• _REQUIRED WORK_
Reproduce what is written in the records below exactly, and leave out the images.

*** Opening of RECORD EXTRACTS ***

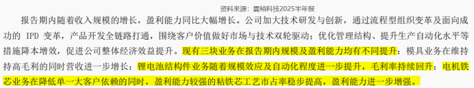 至于毛利率提升的原因,震裕科技在2025半年报中已有所提及:
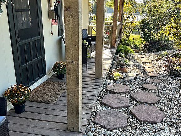 This two bedroom home has the perfect porch with views of the canal and Lake. Every inch of this home is purposefully placed for maximum use and enjoyment of the interior space, neighborhood and lake. This beautiful home has a cottage feel with shiplap interiors, water view, and rock garden path that start from the parking area and wraps around the home to the adorable storage shed on the canal side of the property. The open floor plan creates an open, cozy vibe - especially with the views of the water through the large living room picture window. Sit on your dock and enjoy the sunset, or enjoy a boat ride on the lake - your personal boat dock with hoist is included!
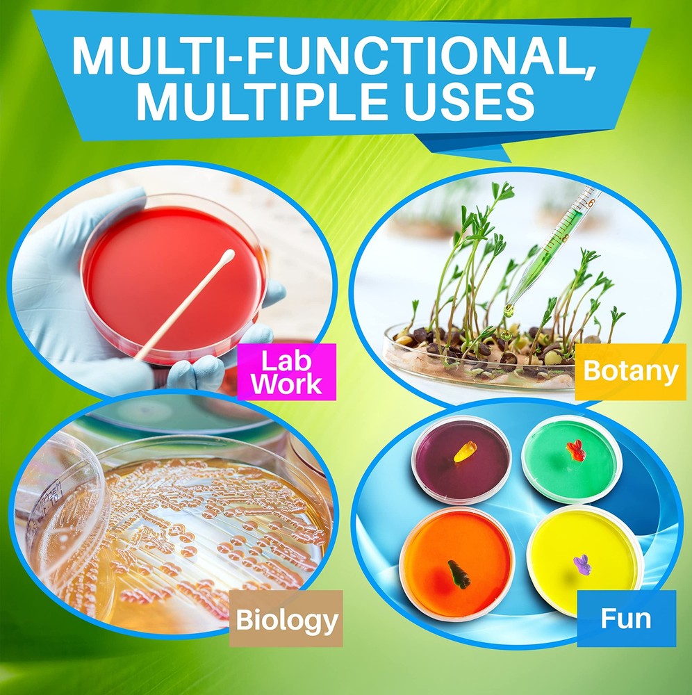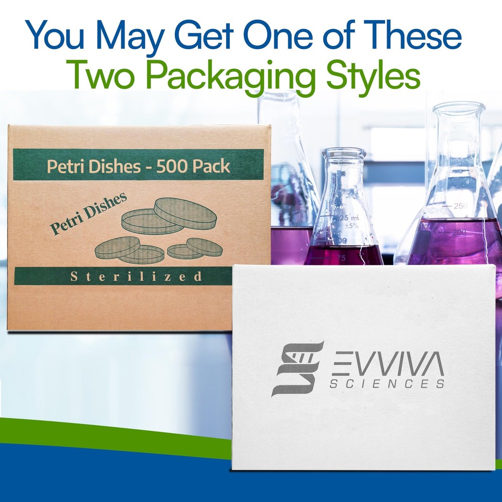 Thank you for choosing Evviva Sciences 500 pack petri dishes together with Evviva transfer pipettes. They are among the highest quality dishes available. They are made from premium quality polystyrene. They are an excellent choice for agar plates but also have a wide range of uses. They can be used for laboratory research projects, classroom science experiments, and mushroom cultivation. Whatever science project you have in mind, these are a great choice. Please also enjoy the 5 transfer pipettes to complement your science project. If you need any help with your project, we offer 24/7 customer support and will always be there to help with anything you need. Please consider these dishes! CASE OF 500 EVVIVA SCIENCES PETRI DISHES: Each case is packed in sleeves of 20 - 25 petri dishes. There are multiple sleeves per case, so you do not have to worry about opening and spoiling the entire bag. Just use the dishes you need and save the rest for another time. This is a great value! STURDY PLASTIC, PERFECT FOR POURING AGAR: These petri dishes are made with premium quality polystyrene, which works excellently for pouring agar plates. The plastic will not melt or warp when you pour hot agar into these dishes. MUSHROOMS, LAB RESEARCH, SCIENCE EDUCATION: Whether you are using these dishes for mushroom cultivation or for a classroom science project, these dishes will work great! They have a wide range of different uses, and are the perfect choice for any project. VENTED LIDS FOR AIR CIRCULATION & LESS CONDENSATION: Each petri plate has a vented lid so that there is improved air circulation. Condensation can ruin your agar plates and lead to poor performance. The vented lids reduce condensation significantly! INCLUDES 5 EVVIVA TRANSFER PIPETTES: These dishes come with 5 transfer pipettes that have a wide range of uses for science projects. The transfer pipettes will definitely come in handy for your project!
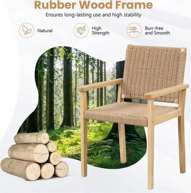 Rubber Wood Frame: The main frame of each chair is crafted from selected and high-grade rubber wood, ensuring long-lasting use and high stability. The wood frame is not only natural, but also high-strength, burr-free and smooth.
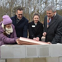 Bistum Limburg Grundstein fürs Hospiz Bericht Raphaela Hampl/Haus Elisabeth, mit KI erweitert Von links: Jördis Tielsch, Marcus Niehaves, Katharina Launhardt, Peter Bittermann beim Einlassen der Zeitk

*** Close of RECORD EXTRACTS ***

• _SOLUTION_
 至于毛利率提升的原因,震裕科技在2025半年报中已有所提及:
 This two bedroom home has the perfect porch with views of the canal and Lake. Every inch of this home is purposefully placed for maximum use and enjoyment of the interior space, neighborhood and lake. This beautiful home has a cottage feel with shiplap interiors, water view, and rock garden path that start from the parking area and wraps around the home to the adorable storage shed on the canal side of the property. The open floor plan creates an open, cozy vibe - especially with the views of the water through the large living room picture window. Sit on your dock and enjoy the sunset, or enjoy a boat ride on the lake - your personal boat dock with hoist is included!
 Thank you for choosing Evviva Sciences 500 pack petri dishes together with Evviva transfer pipettes. They are among the highest quality dishes available. They are made from premium quality polystyrene. They are an excellent choice for agar plates but also have a wide range of uses. They can be used for laboratory research projects, classroom science experiments, and mushroom cultivation. Whatever science project you have in mind, these are a great choice. Please also enjoy the 5 transfer pipettes to complement your science project. If you need any help with your project, we offer 24/7 customer support and will always be there to help with anything you need. Please consider these dishes! CASE OF 500 EVVIVA SCIENCES PETRI DISHES: Each case is packed in sleeves of 20 - 25 petri dishes. There are multiple sleeves per case, so you do not have to worry about opening and spoiling the entire bag. Just use the dishes you need and save the rest for another time. This is a great value! STURDY PLASTIC, PERFECT FOR POURING AGAR: These petri dishes are made with premium quality polystyrene, which works excellently for pouring agar plates. The plastic will not melt or warp when you pour hot agar into these dishes. MUSHROOMS, LAB RESEARCH, SCIENCE EDUCATION: Whether you are using these dishes for mushroom cultivation or for a classroom science project, these dishes will work great! They have a wide range of different uses, and are the perfect choice for any project. VENTED LIDS FOR AIR CIRCULATION & LESS CONDENSATION: Each petri plate has a vented lid so that there is improved air circulation. Condensation can ruin your agar plates and lead to poor performance. The vented lids reduce condensation significantly! INCLUDES 5 EVVIVA TRANSFER PIPETTES: These dishes come with 5 transfer pipettes that have a wide range of uses for science projects. The transfer pipettes will definitely come in handy for your project!
 Rubber Wood Frame: The main frame of each chair is crafted from selected and high-grade rubber wood, ensuring long-lasting use and high stability. The wood frame is not only natural, but also high-strength, burr-free and smooth.
 Bistum Limburg Grundstein fürs Hospiz Bericht Raphaela Hampl/Haus Elisabeth, mit KI erweitert Von links: Jördis Tielsch, Marcus Niehaves, Katharina Launhardt, Peter Bittermann beim Einlassen der Zeitk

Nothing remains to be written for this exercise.